On Wednesday, Notley threatened legal and economic action against the British Columbia government, which this week proposed new restrictions on shipments of oil through the proposed expansion of the Trans Mountain pipeline from Alberta to the West Coast.
She also called an emergency cabinet meeting Wednesday to discuss Alberta’s options.
“The B.C. government took this action with no provocation and almost no warning,” Notley said. “The government of Alberta will not, we cannot, let this unconstitutional attack on jobs and working people stand.”
The meeting wrapped up after an hour without a decision.

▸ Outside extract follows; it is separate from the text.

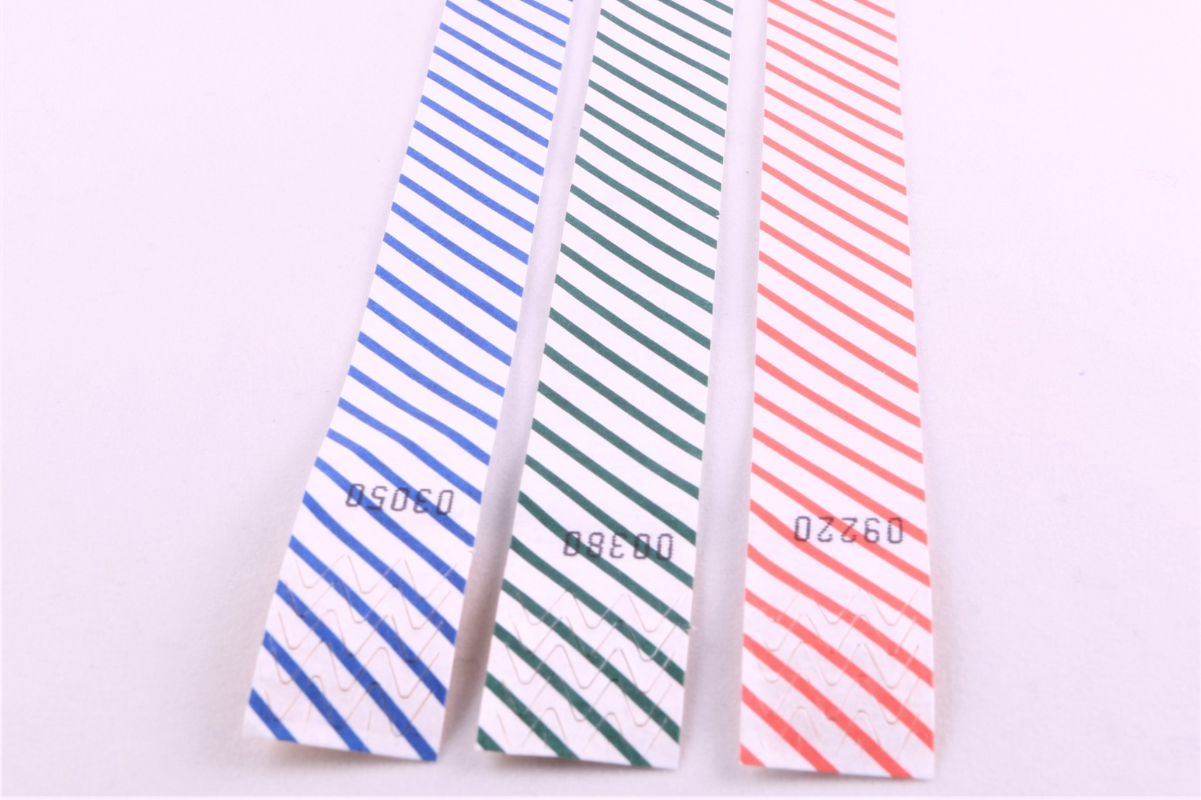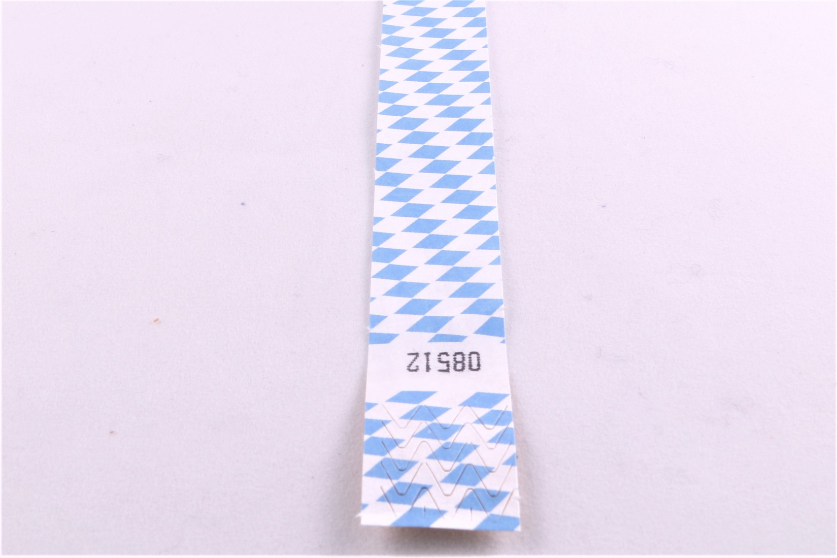 Die praktischen Einlassbänder aus papierähnlichem und reißfestem Tyvek mit vorgefertigten Motiven von Druckamt in Berlin werden mit einem Klebestreifen verschlossen. Beim Öffnen des Klebestreifens wird die Perforation am Band zerstört. Somit sind unsere Tyvek-Bänder genau so sicher wie Einlassbänder mit Plastik-Verschluss und nicht übertragbar.

When B.C. announced its intentions on Tuesday, Notley immediately termed the move “unconstitutional” and said Alberta would fight it.
“The B.C. government has every right to consult on whatever it pleases with its citizens,” Notley said at the time.
“It does not have the right to rewrite our Constitution and assume powers for itself that it does not have. If it did, our Confederation would be meaningless.”
Trudeau is in Edmonton for a town hall meeting Thursday evening at MacEwan University. He and Notley spoke on the telephone for half an hour.
In an interview Thursday morning on CBC Radio’s Edmonton AM, Trudeau said the federal government will stand by its 2016 approval of the $7.4-billion pipeline project. “I’m not going to opine on disagreements between the provinces in this case,” he said.
“We’re just going to reiterate that the decision we made was in the national interest, and we’re going to move forward with that decision, which means we’re going to get the Trans Mountain pipeline built.”